Koffein gehört so selbstverständlich zur Ausdauersport-Welt, dass man fast vergisst, dass es eine aktive Substanz ist. Ein starker Espresso vor dem Start, ein Gel in der Tasche, ein letzter Schluck Cola auf den Schlusskilometern. Dabei ist Koffein eines der ältesten und am weitesten verbreiteten Stimulanzien der Welt. Du findest es in Kaffee, Tee und Schokolade und nimmst es oft ein, ohne gross darüber nachzudenken. Bis Ende 2003 stand es sogar auf der Dopingliste, heute gibt es keinerlei Einschränkungen mehr. Bleibt die eigentliche Frage: Macht es dich wirklich schneller, oder ist es vor allem eine Frage von Gewohnheit und Ritual? 

 

Was Koffein in deinem Körper bewirkt

Koffein wirkt in erster Linie auf das zentrale Nervensystem. In der Praxis macht es dich wacher, hebt die Stimmung und senkt die wahrgenommene Anstrengung, Müdigkeit und Schmerzempfindung. Du wirst dadurch nicht magisch stärker oder ausdauernder, aber die Anstrengung fühlt sich erträglicher an. Das erlaubt dir oft, ein etwas höheres Tempo zu halten, ohne dass es sich härter anfühlt.

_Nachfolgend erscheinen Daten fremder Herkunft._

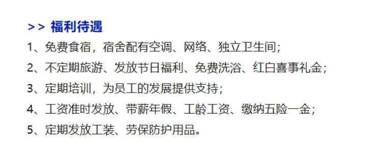 至于真正入职员工的待遇,2024年8月公司官方微信公众号详细展示了各种福利。食宿全免费,宿舍标准很高,自带空调、独立卫浴和网络。上班还有洗浴间、定期发工装和防护用品,啥都不用操心。公司常规福利包括节日补贴、定期旅游,还有红白礼金关怀,工资按时发、五险一金全都缴纳,带薪年假和工龄工资也不能少。最让人踏实的是,公司还为员工建立了培训体系,职业晋升通道相当清晰——不是那种只在招聘广告里写写的空头支票,而是真的可以升。
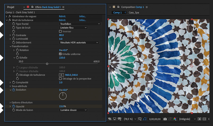 Ajoutez du bruit car, dans la réalité, les ondulations de l’eau ne sont pas régulières. Faites glisser l’effet Bruit de turbulence du panneau Effets et paramètres prédéfinis vers le calque solide, puis placez la tête de lecture au début de la composition. Définissez Type fractal sur Tourbillon, puis diminuez le contraste, augmentez l’échelle, réduisez la complexité et définissez une image clé pour Évolution et une autre pour une valeur Opacité inférieure. Enfin, définissez le mode de fusion sur Lumière douce.
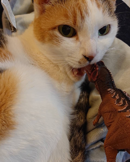 カッ!と目を見開いてギガントサウルスに食らいつくびにゃん。ティラノサウルスと並ぶ大型肉食恐竜の一属ギガントサウルスも、びにゃんには敵いませんね。

Auch auf der Stoffwechselseite gibt es Effekte: Koffein fördert die Nutzung von Fett als Energiequelle, verbessert die Energieverfügbarkeit und wirkt direkt auf die Muskelzelle. Es unterstützt sogar die Kohlenhydrataufnahme, was praktisch ist, wenn du dich während eines Wettkampfs verpflegst.

Am besten belegt sind die Effekte für vier Belastungsarten: Ausdauerleistungen über 20 Minuten, intensive Belastungen von 1 bis 20 Minuten, hochintensives Intervalltraining und Maximalkraftbelastungen. Egal ob du läufst, Rad fährst oder Triathlon machst, die Chance ist gross, dass deine Belastungsart auf dieser Liste steht.

Welche Dosis ist die richtige?

Die gute Nachricht: Du musst keine grossen Mengen zu dir nehmen. Eine Wirkung ist bereits ab 1 bis 6 mg pro Kilogramm Körpergewicht wahrscheinlich, und ab rund 3 mg/kg erreichst du ein Plateau. Darüber hinaus nimmt der Effekt kaum noch zu, während die Nachteile deutlicher werden.

Die «Standarddosis» liegt bei etwa 3 mg/kg. Für eine Athletin oder einen Athleten mit 70 kg entspricht das rund 210 mg, also etwa zwei Espresso oder drei bis vier Tassen Filterkaffee. Nichts Aussergewöhnliches also.

Ab 6 mg/kg beginnt der Bereich, in dem die Probleme überwiegen: Zittern, Unruhe, ein rasender oder unregelmässiger Herzschlag (Tachykardie), Kopfschmerzen, Schlafprobleme und Verdauungsbeschwerden mitten im Rennen. Dinge also, auf die du am Wettkampftag lieber verzichtest.

Wo du Koffein findest

Du musst nicht auf Nahrungsergänzungsmittel zurückgreifen: Koffein steckt praktisch überall, allerdings in sehr unterschiedlichen Mengen. Eine Tasse Kaffee enthält je nach Zubereitung zwischen 50 und 150 mg, Tee eher 20 bis 50 mg. Eine Dose Energydrink (250 ml) liefert rund 80 mg, ein Glas Cola deutlich weniger, etwa 10 mg pro Deziliter, also rund 25 mg pro 250 ml. Bei Schokolade kann eine Tafel Zartbitter bis zu 70 mg erreichen, gegenüber rund fünfzehn mg bei Milchschokolade.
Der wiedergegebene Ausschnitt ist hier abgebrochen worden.